Visualization and Filters¶
In elasticity problems one often wants to see the material stress, which is obtained by a formula that combines the derivatives of the two displacement components. Hermes implements postprocessing through Filters. Filter is a special class which takes up to three Solutions, performs some computation and in the end acts as another Solution (which can be visualized, passed into another Filter, passed into a weak form, etc.). More advanced usage of Filters will be discussed later. In elasticity examples we typically use the predefined VonMisesFilter:
VonMisesFilter stress(Tuple<MeshFunction*>(u_sln, v_sln), lambda, mu);
view.show_mesh(false);
view.show(&stress, HERMES_EPS_HIGH);
Flags HERMES_EPS_LOW, HERMES_EPS_NORMAL, and HERMES_EPS_HIGH¶
The second line tells Hermes not to display mesh edges. The second parameter of show() is the visualization accuracy. It can have the values HERMES_EPS_LOW, HERMES_EPS_NORMAL (default) and HERMES_EPS_HIGH. This parameter influences the number of linear triangles that Hermes uses to approximate higher-order polynomial solutions within finite elements. Using linear triangles is required by OpenGL, so Hermes at least performs automatic adaptivity to reduce their number to a minimum. The above parameters are used to set the accuracy of this piecewise-linear approximation.

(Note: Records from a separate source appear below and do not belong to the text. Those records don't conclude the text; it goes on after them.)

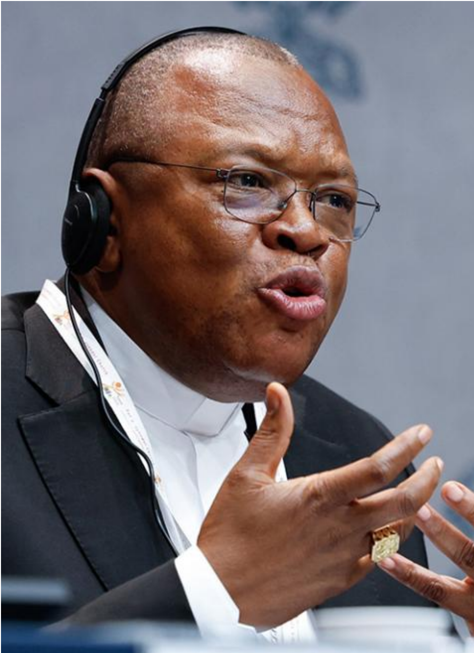
Cardinal Fridolin Ambongo Besungu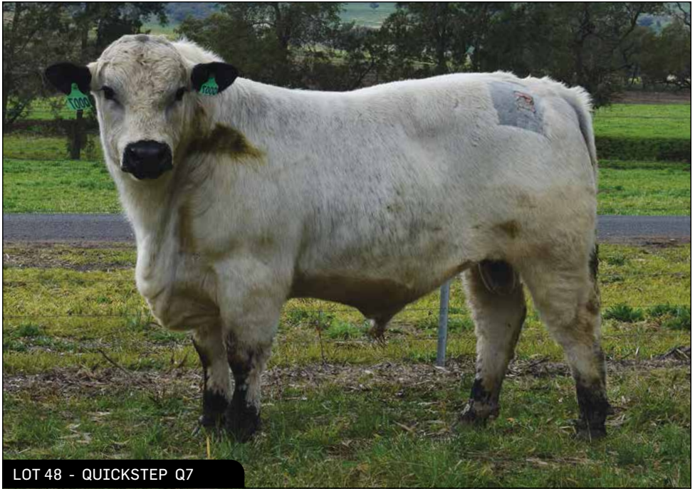
LOT 48 - QUICKSTEP Q7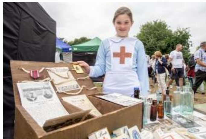
The Heritage Area had a new location this year close to the Hall gardens

“Just what we needed to raise our spirits. Such a tonic. Show was good. Fireworks were fab . Well done to all those volunteers who work so hard for the benefit of others. I, like many others really appreciate it...”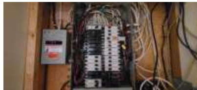
Pic. 35: 100-amp breaker panel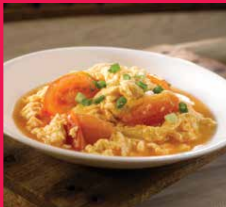
番茄蛋 Tomato Egg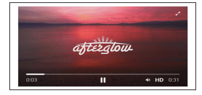
Figure-6 Output Of Video Tag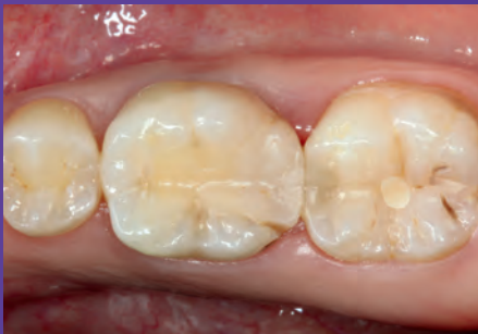
Initial situation: Fractured old composite restoration of first lower molar.

A patient needed a replacement of a fractured composite on the first lower molar. Impression was made with 3M™ Impregum™ Penta™ Super Quick Medium Body Polyether Impression Material in the monophase technique.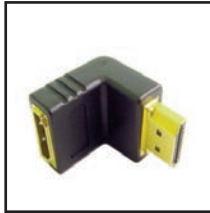
35-714A HDMI Female to Male right angle adapter. Down 270 degrees. Gold contacts.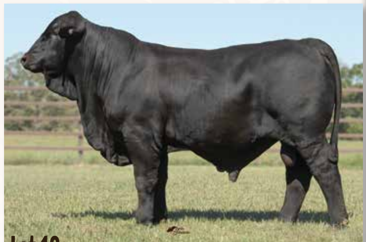
Lot 10 - ACE PORTER 99J51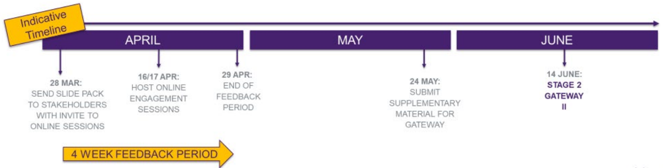
Figure 3: Indicative timeline for the re-engagement period shared with stakeholders

9.2.7 The record of attendance at the sessions is available below in Table 7. The invitations and associated email correspondence are available in Stakeholder Engagement Appendix H.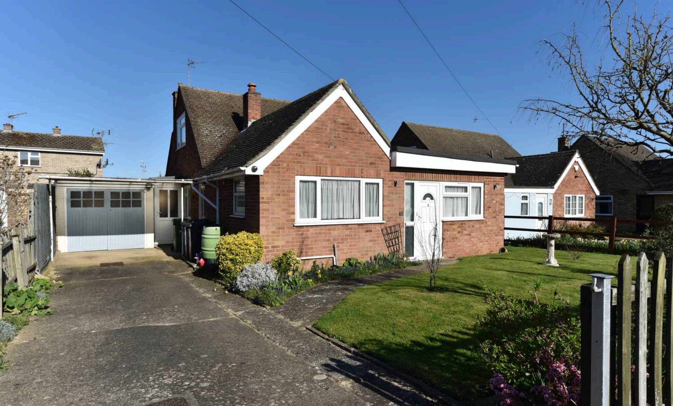
Abbots Crescent, St. Ives £375,000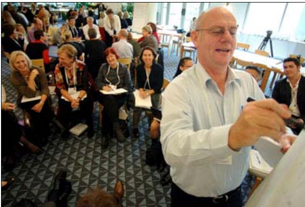
Stream Session - Strengthening Communities and Supporting Working Families

Participants in this stream also proposed specific ways of reducing the damage inflicted on communities by problem gambling and binge drinking. These could include reducing the number of poker machines or tighter regulation of alcohol.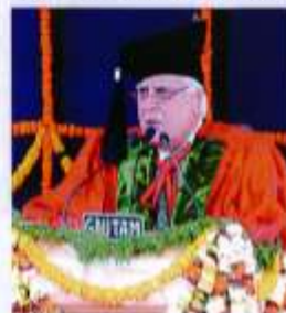
93 rd Convocation – 2011 Hon'ble Minister of HRD Shri Kapil Sibal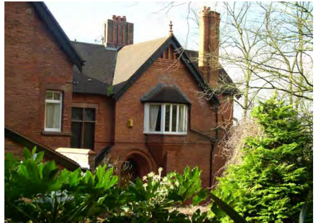
No. 35 Howey Lane, large Victorian property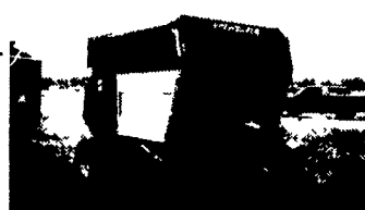
NH 855 Round Baler 1984 One Owner, 5 1/2'x5 1/2' Bale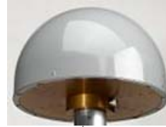
CUT00 (TRM 59800.00 SCIS)

E1 L1 L1 B1 E5A L2 L2 L1 B2 E5B L5 L5 L2 B3 A+B LEX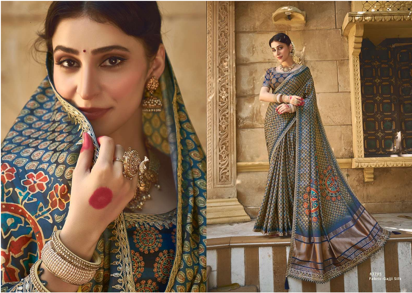
43705 Fabric-Gajji Silk

The method show() has an optional third parameter to indicate whether function values or partial derivatives should be displayed. For example, HERMES_FN_VAL_0 stands for the function value of solution component 0 (first solution component which in this case is the VonMises stress). HERMES_FN_VAL_1 would mean the function value of the second solution component (relevant for vector-valued Hcurl or Hdiv elements only), HERMES_FN_DX_0 means the x-derivative of the first solution component, etc.
Visualizing deformed computational domain (in elasticity)¶
Finally, in elasticity problems it may be desirable to deform the computational domain according to the calculated displacements. The method View::show() has additional three optional parameters for this:
VonMisesFilter stress(Tuple<MeshFunction*>(&u_sln, &v_sln), lambda, mu);
view.show(&stress, HERMES_EPS_HIGH, HERMES_FN_VAL_0, &u_sln, &v_sln, 1.5e5);
Here the fourth and fifth parameters are the displacement components used to distort the domain geometry, and the sixth parameter is a scaling factor to multiply the displacements. Of course, the color map still shows the Von Mises stress as before.